Among the entries below, only the lines from the one with "University of Missouri" through the one with "Как видите, обычно" are wanted, reproduced exactly. Pictures are not wanted.

Top of RECORDS SUPPLIED

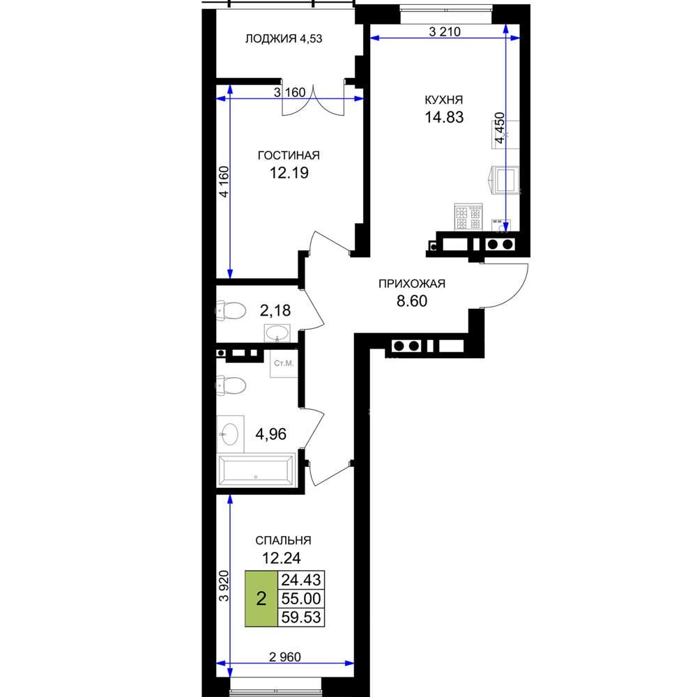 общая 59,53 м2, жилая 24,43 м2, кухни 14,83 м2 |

Bottom of RECORDS SUPPLIED
Top of RECORDS SUPPLIED

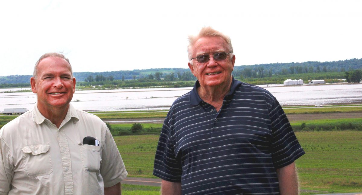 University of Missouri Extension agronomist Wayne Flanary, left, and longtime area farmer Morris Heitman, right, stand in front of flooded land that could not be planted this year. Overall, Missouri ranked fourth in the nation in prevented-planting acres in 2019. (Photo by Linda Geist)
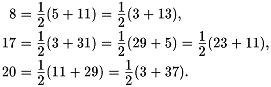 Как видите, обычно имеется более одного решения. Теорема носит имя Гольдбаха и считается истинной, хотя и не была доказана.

Bottom of RECORDS SUPPLIED

— COMPLETED EXERCISE —
 University of Missouri Extension agronomist Wayne Flanary, left, and longtime area farmer Morris Heitman, right, stand in front of flooded land that could not be planted this year. Overall, Missouri ranked fourth in the nation in prevented-planting acres in 2019. (Photo by Linda Geist)
 Как видите, обычно имеется более одного решения. Теорема носит имя Гольдбаха и считается истинной, хотя и не была доказана.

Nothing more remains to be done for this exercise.